Using a 30-year dataset of deep water temperature measurements, NOAA Great Lakes Environmental Research Laboratory scientists investigated how Lake Michigan’s seasonal mixing patterns are being influenced by climate change. As it turns out, what’s happening on the lake’s surface during the summer is actually impacting the lake’s deep waters during the winter.
“We found that this long-term data set not only confirms that Lake Michigan’s deep waters are warming, but also shows that winter is vanishing from them,” said NOAA GLERL’s Eric Anderson, the study’s lead author.

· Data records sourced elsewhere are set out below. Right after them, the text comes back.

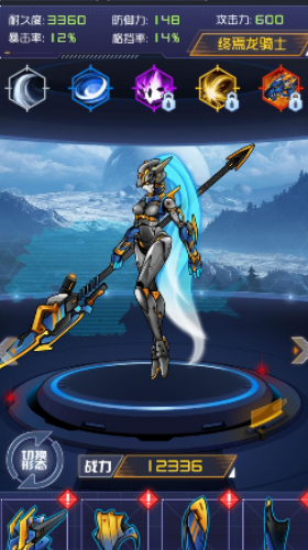 4.每个机甲战士都有不同的属性,选择自己钟意的战甲,方便你用心培养和改造。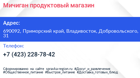 Мичиган, продуктовый магазин по адресу 690092, Приморский край, Владивосток, Добровольского, 31 в дальнейшем Организация, размещена в следующих категориях: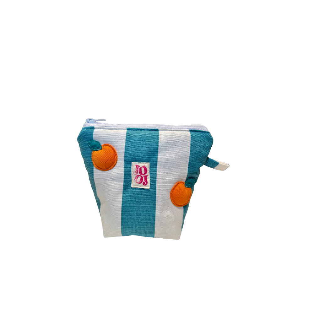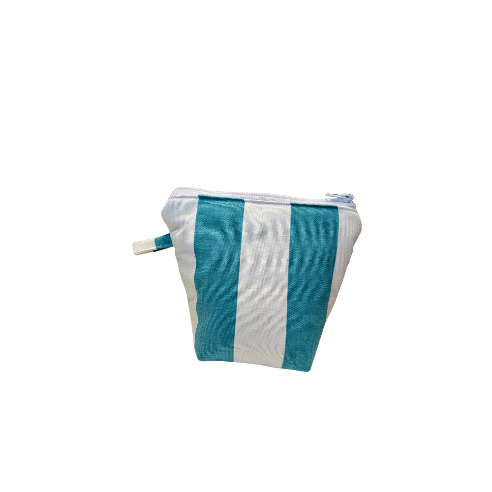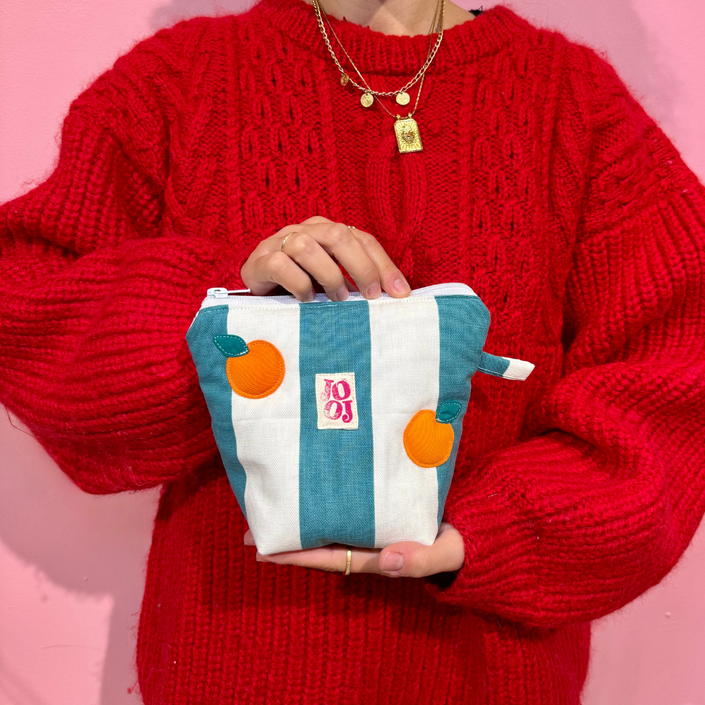 Coupée dans des tissus de seconde main, cette trousse est bien dodue grâce à son rembourrage. L’étiquette est tamponnée sur tissu coton pour un petit détail artisanal.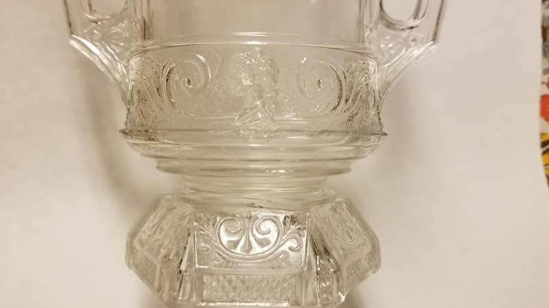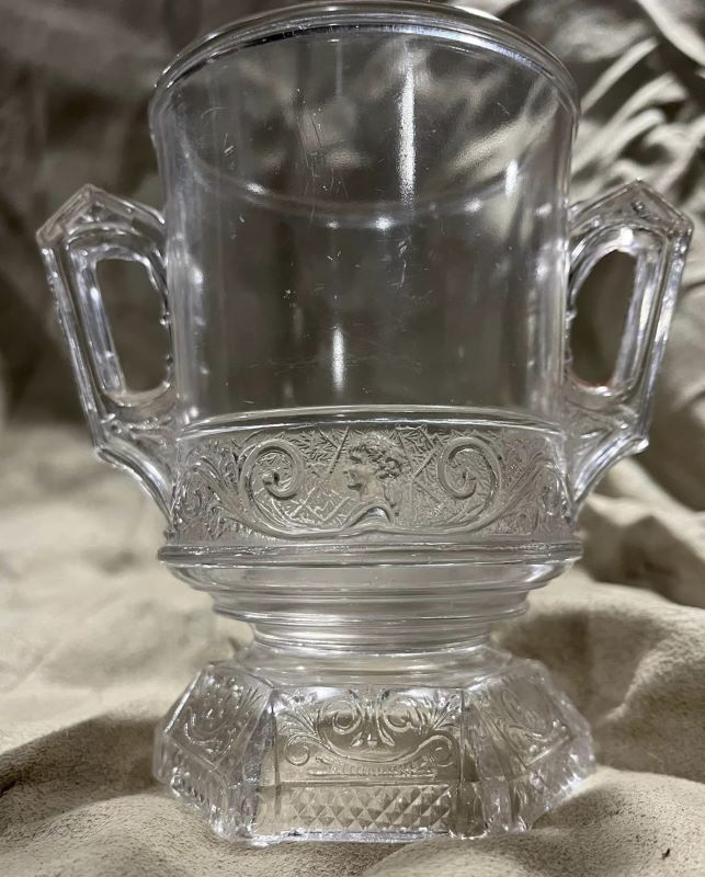 Contributor: Jessica Tressel - missing the cover - 5.38H, 3.5W top not including handles, 3.58D point to point across the base.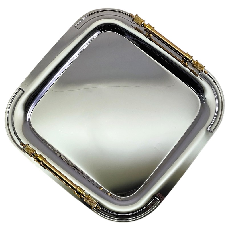 - An effortlessly charming decorative piece at an affordable price. Featuring a gold-plated, high-quality iron finish with a mirrored reflection, it's perfect for the holidays or everyday use. This multi-purpose serving tray is ideal for buffet and catering services.
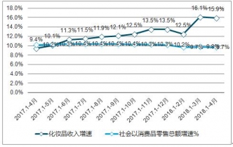 2019年1-4月中國化妝品收入同比增加15.9%,高于同期社會消費(fèi)品零售總額增速6.2個(gè)百分點(diǎn)。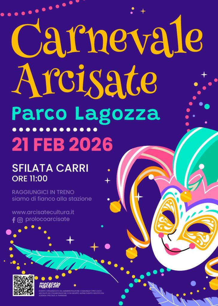 La Pro Loco consiglia di raggiungere la festa in treno: la stazione di Arcisate è proprio accanto all’area eventi. Zero stress da parcheggio, massimo Carnevale.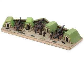 production du début du XXème siècle - dimensions : 74 x 32 x 10 cm - états de 'A' à 'B' - contient : 12 artilleurs, 2 chefs de pièces, 3 officiers, 3 obusiers, 4 grappes de 5 obus, 4 façades, 5 végétations & 8 éléments de décors en carton & bois (plus ou moins élimés) sur socle (parties cassées & recollées) - manque 3 figurines & quelques petits accessoires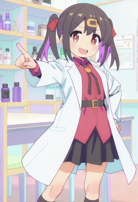 mihari-default,oyama mihari,brown eyes,black hair,multicolored hair,twintails,medium breasts,red hair ribbon,hairclip,labcoat,red shirt,long sleeves,belt,black skirt,black socks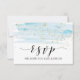 Cette carte de réponse RSVP de choix de menu bleu et or aquarelle est parfaite pour un mariage élégant. Le design luxueux présente une texture aquarelle bleu clair avec une touche de magnifique paillette dorée fausse et une police de caractères à calligraphie moderne. Cette carte de réponse de mariage demande commodément aux invités quel repas ils aimeraient à votre réception.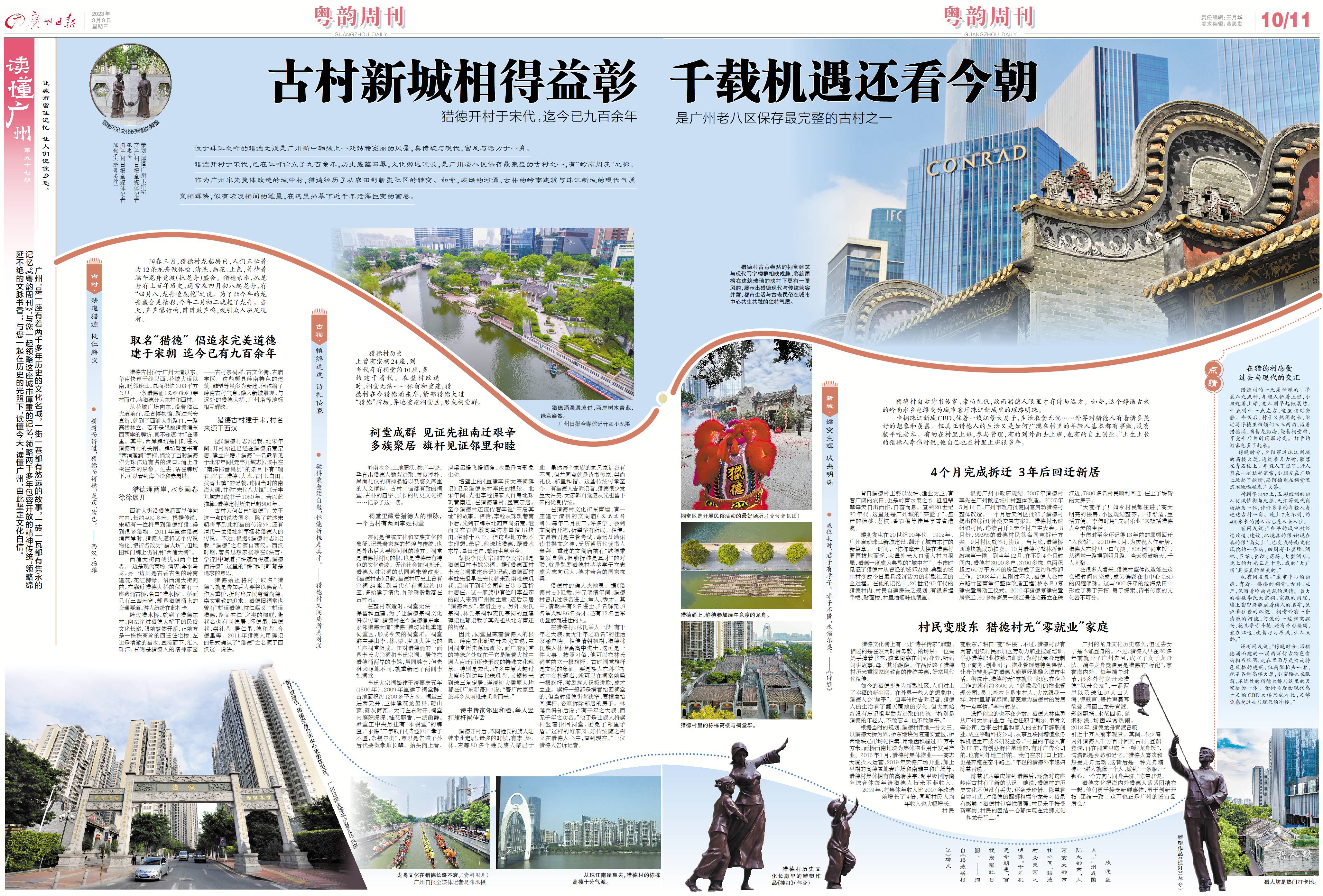 猎德村自古诗书传家、崇尚礼仪,故而猎德人眼里才有诗与远方。如今,这个静谧古老的岭南水乡也蝶变为城市客厅珠江新城里的璀璨明珠。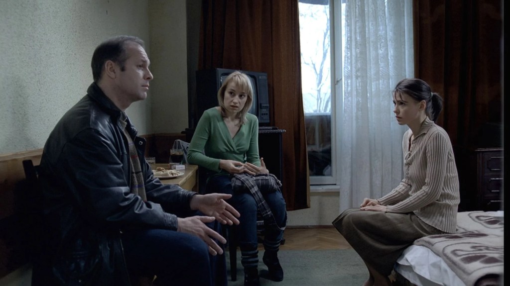 We begin in a drab college dorm room, with roommates Otilia (Anamaria Marinca) and Gabriela (Laura Vasiliu) getting ready for an excursion. Eventually it becomes clear that Otilia is the take-charge person of the two, as she makes the rounds to black marketeers and visits her boyfriend, Adi (Alexandru Potocean), to tell him that a mysterious errand will delay her arrival to his parents’ house for dinner.

As climate change has gradually delayed the onset of cooler autumn weather over the past three decades, the deep waters of Lake Michigan have reflected this change by showing shorter winter seasons.
This key finding may indicate some dramatic changes in the foreseeable future, as an increase in a lake’s overall water temperature can lead to permanent changes in the water’s seasonal mixing patterns. This could eventually alter Lake Michigan’s rate of primary productivity, which would inevitably disrupt the structure of its entire food web — a change that could have negative impacts on fisheries and recreation. “Without high-frequency long-term monitoring of subsurface waters of the world’s deep lakes,” said Anderson, “we will be blind to the impacts of climate change on most of Earth’s fresh surface water.”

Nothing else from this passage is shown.